I still do a lot of planning and thinking about where we might like to go and how we might get there but, I don't feel the need to do a lot of online searches. Most of what we want now seems to take an exchange request anyway rather than getting lucky and finding it online.


----------



## Keep Traveling (Apr 7, 2010)

I have the addiction too.  I check all the sites every morning to see if any cool comes out there.  I have some great traders and no losers as well.  I love the game that is played trying to get something good.

I am going to Animal Kingdom Lodge this weekend in a 1 bedroom that I got for a blue studio in flex.  That's the fun of it for me.

I love being able to live the life of a king.

Of course my wife doesn't even understand the trading thing and doesn't want to learn 

KT


----------



## rickandcindy23 (Apr 7, 2010)

Having had great timeshare experiences in the past, always getting exactly what I wanted, seeing everything out there (and having people on TUG commenting that I was seeing it all), then losing that "power" ("knowledge is power"), it has taken the fun out of everything for me. 

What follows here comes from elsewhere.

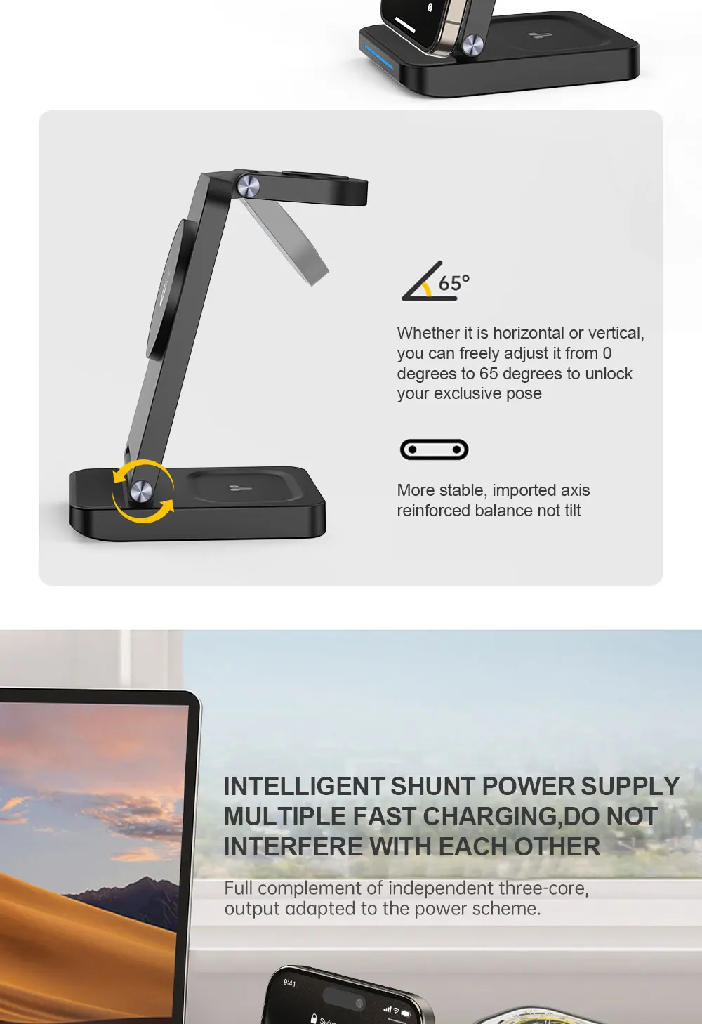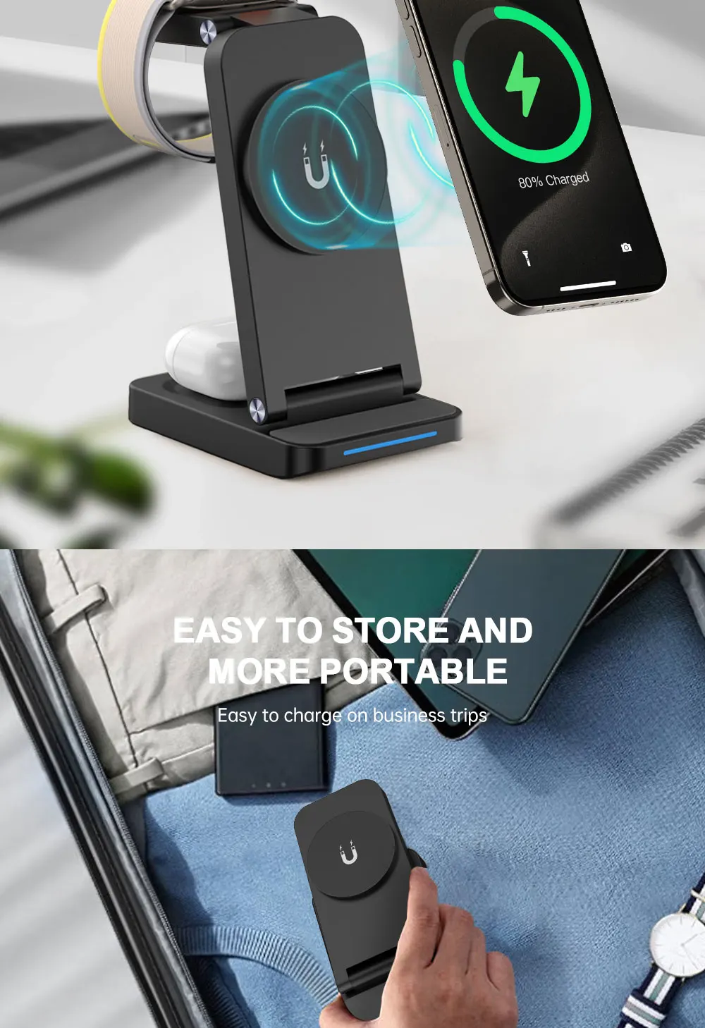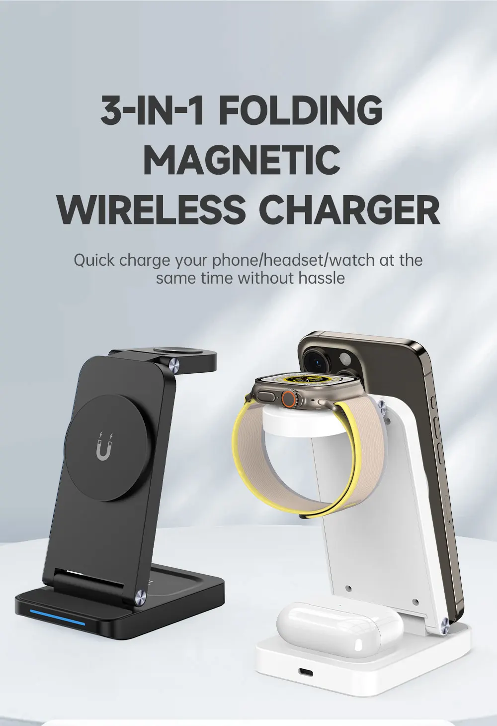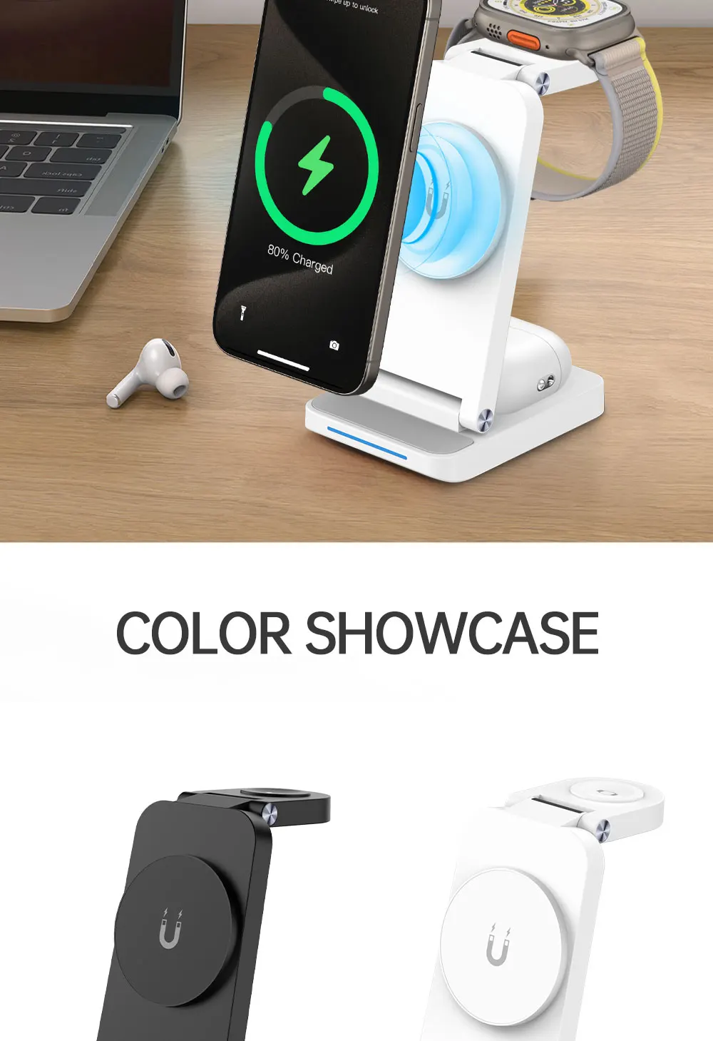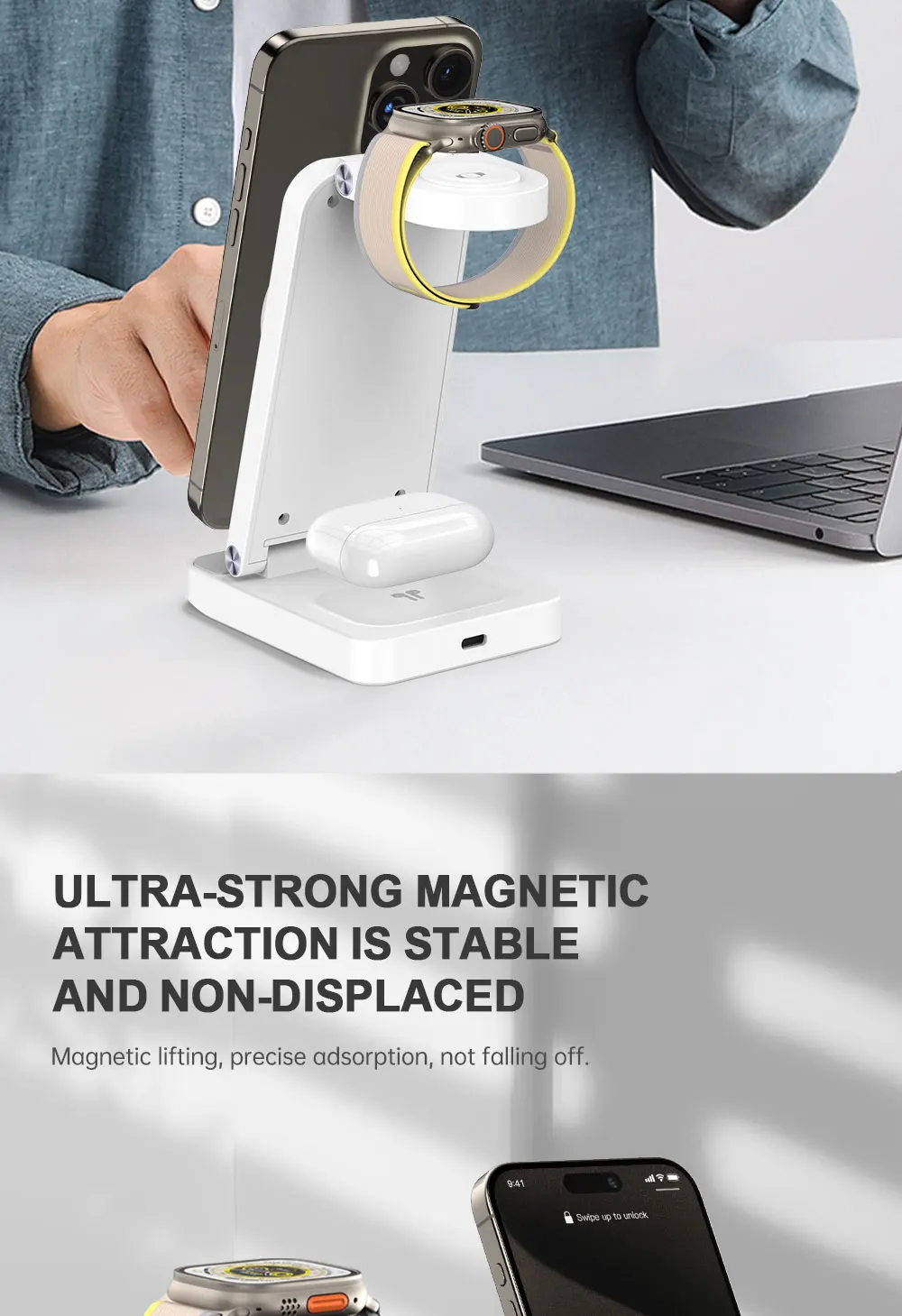TIMESS 3 IN 1 15W Wireless Charger For iPhone17 16 15 14 PROMAX For Apple Watch Series 11 10-1 For Airpods Pro Charging Station

If "Knowledge is Power," then "Ignorance is Bliss," I truly believe it.  If you are just an average person who doesn't know what happened on 5/30, or you didn't really see any change, maybe it was due to the fact that you didn't really log in often enough to notice.  Or you could possibly have experienced a positive change, and you feel you have nothing to complain about.  A few TUG members had a boost in trading power.  

Knowledge is sometimes detrimental; you know what's happened to you and, in the case of our severe drop in trading power, are unable to do a thing about it.  

My II traders are doing well, so cannot complain about those.  I actually don't have any traders left, to be honest, as they are all used for 2010, and I don't want to pay 2011 fees until they are due, or until II offers bonus weeks.  

As BNoble points out, I was able to exploit the system for a long time, so I should be happy.  I feel a loss, even still, and I am not yet at that place.  

Deviating slightly from subject, I am not sure the alternative exchange companies are going to be much better, but I am willing to give it a shot, certainly.


----------



## GregT (Apr 7, 2010)

It is very reassuring to know that there are others out there -- I spend a great deal of time searching II (I don't have a deposit in RCI) with my WM -- it's a great little trader.

I have an RCI account and have just gotten two terrific trades in back to back months -- both HGVC properties in 2011.

Which also has me thinking -- how far ahead is too far to plan?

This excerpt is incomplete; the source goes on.